Reputation: 133
data={'id':[1,1,1,1,2,2,2,2],
'date1':[datetime.date(2016,1,1),datetime.date(2016,1,2),datetime.date(2016,1,2),datetime.date(2016,1,4),
datetime.date(2016,1,2),datetime.date(2016,1,4),datetime.date(2016,1,3),datetime.date(2016,1,1)],
'date2':[datetime.date(2016,1,5),datetime.date(2016,1,3),datetime.date(2016,1,5),datetime.date(2016,1,5),
datetime.date(2016,1,4),datetime.date(2016,1,5),datetime.date(2016,1,4),datetime.date(2016,1,1)],
'score1':[5,7,3,2,9,3,8,3],
'score2':[1,3,0,5,2,20,7,7]}
df=pd.DataFrame.from_dict(data)
And dataframe df looks like this:
id date1 date2 score1 score2
0 1 2016-01-01 2016-01-05 5 1
1 1 2016-01-02 2016-01-03 7 3
2 1 2016-01-02 2016-01-05 3 0
3 1 2016-01-04 2016-01-05 2 5
4 2 2016-01-02 2016-01-04 9 2
5 2 2016-01-04 2016-01-05 3 20
6 2 2016-01-03 2016-01-04 8 7
7 2 2016-01-01 2016-01-01 3 7
Another dataframe UF that contains ID, usetdate
id usetdate
0 1 2016-01-01
1 1 2016-01-03
2 2 2016-01-04
3 2 2016-01-02
I want to find sum of score1 and score2 against each ID of UF if my date(usetdate) passed is between date1 and date2
id usetdate score1 score2
0 1 2016-01-01 5 1
1 1 2016-01-03 17 9
2 2 2016-01-04 20 29
3 2 2016-01-02 9 2
Upvotes: 2
Views: 525
Reputation: 765
df1.sql.set_alias('df1').join(df2.sql.set_alias('df2'),condition='df1.id=df2.id').filter("usetdate between date1 and date2").aggregate("df2.id,usetdate,sum(score1) score1,sum(score2) score2")

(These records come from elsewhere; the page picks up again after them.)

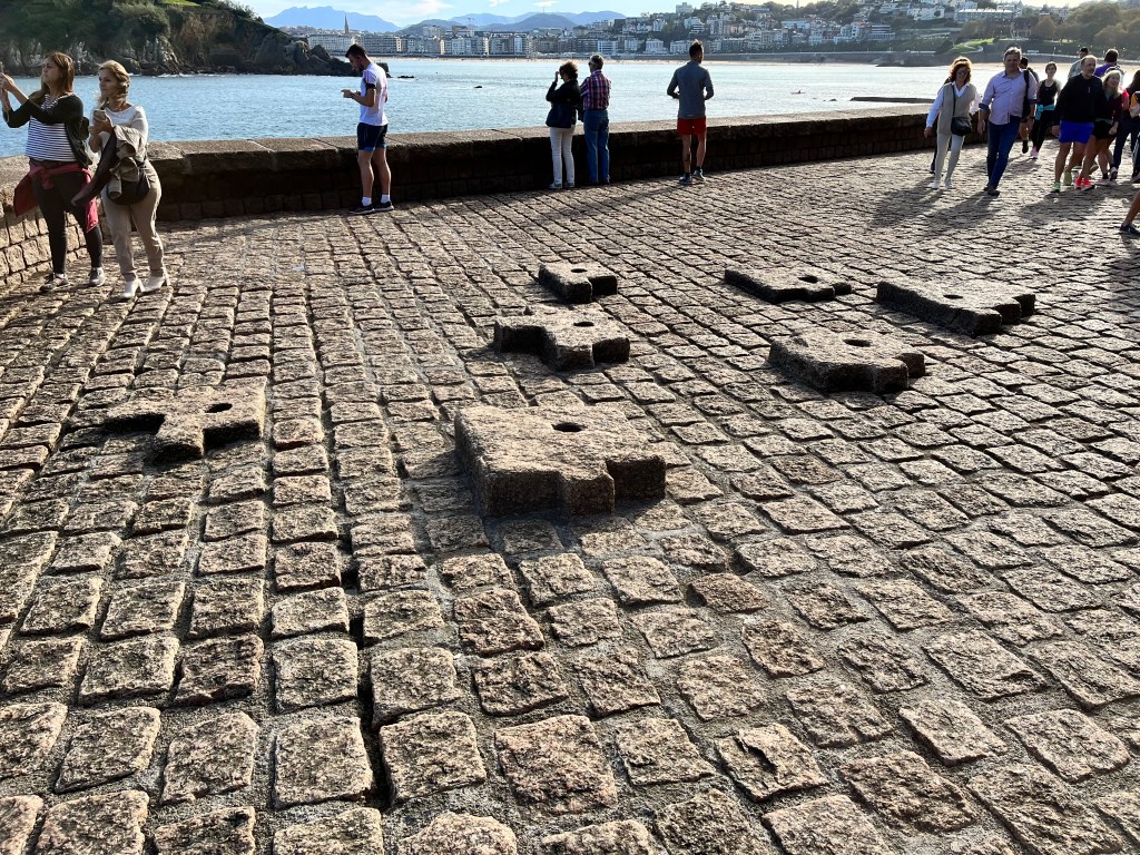 Lo que empieza cuando subes las escaleras del puerto marítimo es el Paseo Nuevo que rodea todo el Monte Urgull hasta llegar al Kursaal. Es un paseo muy chulo, al borde del mar y en el que la olas golpean contra las rocas y saltan, hay veces que es un espectáculo.
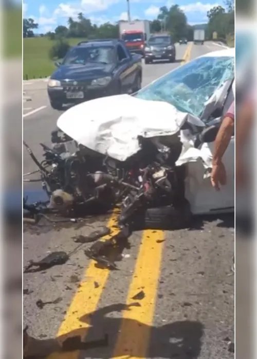 Imagem registrada por uma testemunha mostra um dos veículos capotado no meio da rodovia e outro automóvel de cor branca, com a parte frontal completamente destruída.
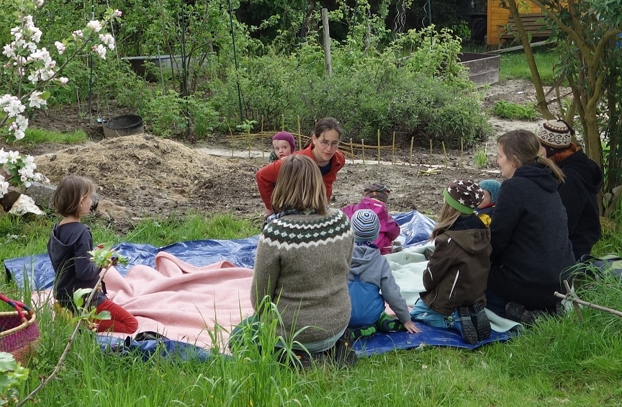 Unsere Gruppe trifft sich ein- bis zweimal im Monat im Garten in der Waldbrücke. Später werden wir auch Ausflüge, z.B. in den Wald, ins Moor oder an den Bach, unternehmen. Wir wollen die Kinder auf spielerische Weise mit der Natur vertraut machen und für den Naturschutz sensibilisieren, wobei die älteren Geschwister ihre Erfahrungen mit den jüngeren teilen. Bei uns gibt es unter anderem Spiele für die Kleinsten, einfache Experimente für die Größeren, etwas Fachwissen für die Eltern – aber vor allem Naturerfahrung mit allen Sinnen und ganz viel Freude am Draußen sein.
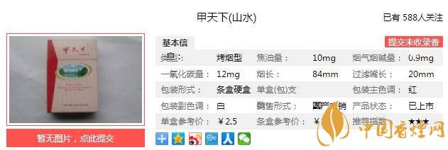 一、甲天下山水香烟价格
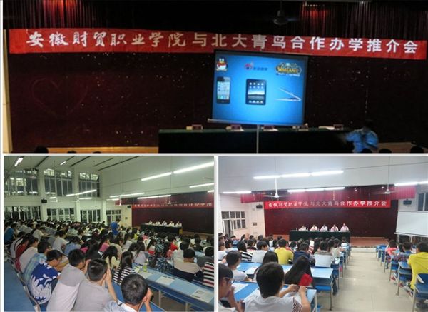 9月11日晚,电子信息系与北京青鸟信息技术教育发展有限公司合作开设“北大青鸟ACCP软件工程师特色班”推介会在5103教室隆重召开。副院长胡戴新,教务处处长余敏,北大青鸟总部代表张超经理,北大青鸟安徽服务中心凌滨总经理,电子信息系副主任张成叔以及软件技术专业教师出席了大会,大会由张成叔主持。
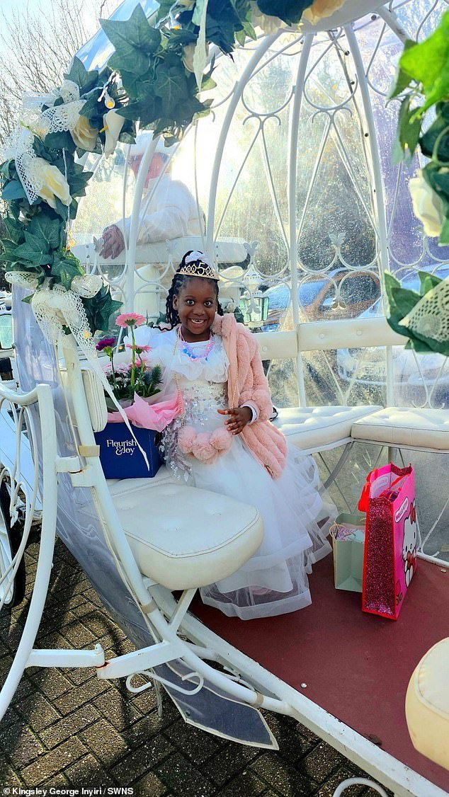 Rebecca Kingsley Inyiri, de cinco años, llegó a su fiesta de cumpleaños el 6 de diciembre en un carruaje tirado por caballos estilo Cenicienta.
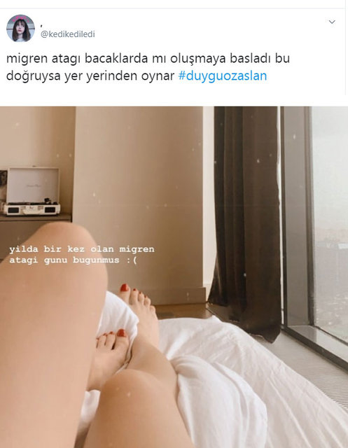 Duygu Özaslan 'bacaklı' migren fotoğrafıyla internetin diline düştü!
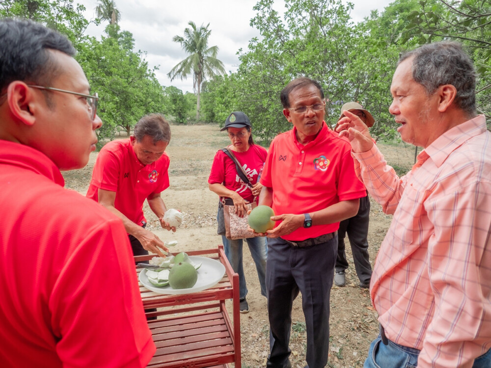 ดังนั้นทางกรมวิชาการเกษตร ได้บูรณาการงานวิจัยและพัฒนา โดยนำเทคโนโลยีและนวัตกรรมแปรรู ปวัสดุเหลือทิ้ งทางการเกษตรมาเป็นผลิตภัณฑ์ เสริมอาหาร เพื่อแก้ปัญหาขยะจากเปลือกส้ มโอที่มีปริ มาณมากของเกษตรกรชาวสวนส้มโอ ช่วยลดการสูญเสียอาหารที่ กลายเป็นขยะอาหารของประเทศไทย เพิ่มขีดความสามารถทางการแข่งขั น และเสริมสร้างความเข้มแข็งอย่ างยั่งยืนให้กับอุ ตสาหกรรมเกษตรไทยในตลาดโลก สอดคล้องกับนโยบายการขับเคลื่อน BCG สำหรับเกษตรกรและผู้ประกอบการที่ สนใจสามารถสอบถามข้อมูลเพิ่มเติ มได้ที่กลุ่มวิจัยเทคโนโลยีชี วภาพทางการเกษตร สำนักวิจัยพัฒนาเทคโนโลยีชีวภาพ โทรศัพท์ 0 2904 6885 ต่อ 95
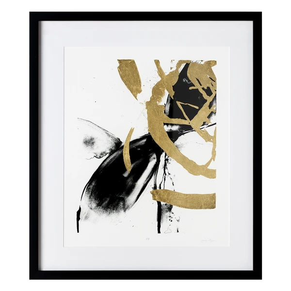 This limited-edition abstraction from artist Jennifer Goldberger is ideal for bringing a chic, modern note to your wall. Printed on archival paper with hand-embellished gold accents, this piece is displayed under glass in a black frame.
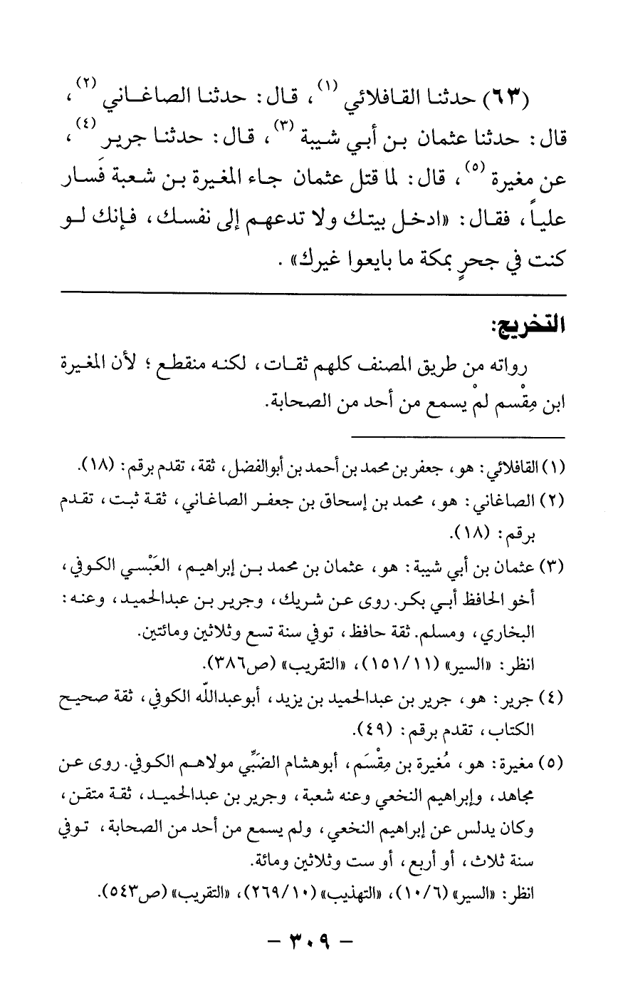 63 - حدثنا القافلائي قال: حدثنا الصاغاني قال: حدثنا عثمان بن أبي شيبة قال: حدثنا جرير عن مغيرة قال لما قتل عثمان جاء المغيرة بن شعبة فسار عليا فقال ادخل بيتك ولا تدعهم إلى نفسك فإنك لو كنت في جحر بمكة ما بايعوا غيرك

┌───────┬────────────┬────────┬────────┐
│ id │ usetdate │ score1 │ score2 │
│ int64 │ varchar │ int128 │ int128 │
├───────┼────────────┼────────┼────────┤
│ 1 │ 2016-01-03 │ 15 │ 4 │
│ 1 │ 2016-01-01 │ 5 │ 1 │
│ 2 │ 2016-01-04 │ 20 │ 29 │
│ 2 │ 2016-01-02 │ 9 │ 2 │
└───────┴────────────┴────────┴────────┘
Upvotes: 0
Reputation: 11
import datetime
import pandas as pd
data={'id':[1,1,1,1,2,2,2,2],
'date1':[datetime.date(2016,1,1),datetime.date(2016,1,2),datetime.date(2016,1,2),datetime.date(2016,1,4),
datetime.date(2016,1,2),datetime.date(2016,1,4),datetime.date(2016,1,3),datetime.date(2016,1,1)],
'date2':[datetime.date(2016,1,5),datetime.date(2016,1,3),datetime.date(2016,1,5),datetime.date(2016,1,5),
datetime.date(2016,1,4),datetime.date(2016,1,5),datetime.date(2016,1,4),datetime.date(2016,1,1)],
'score1':[5,7,3,2,9,3,8,3],
'score2':[1,3,0,5,2,20,7,7]}
df=pd.DataFrame.from_dict(data)
data={'id':[1,1,2,2],
'date':[datetime.date(2016,1,1),datetime.date(2016,1,2),datetime.date(2016,1,2),datetime.date(2016,1,4)]}
df1=pd.DataFrame.from_dict(data)
data1=[]
x=[]
def agg(df,df1):
for i in range(1,2):
x=list(df1.id)
y=list(df1.date)
data1= df[df.id==x[i]]
data2=data1[data1.date1 > y[i]]
data3=data2[data1.date2 < y[i]]
data4=data3.groupby(['id']).agg({"score1":sum})
x.append(data4)
return data4
agg(df,df1)
Please try this
Upvotes: 1
Reputation: 862511
You can create Series
with all datetimes first by date_range
, swap index with values in Series
and DataFrame.join
to original, last aggregate sum
:
s = pd.concat([pd.Series(r.Index,pd.date_range(r.date1, r.date2)) for r in df.itertuples()])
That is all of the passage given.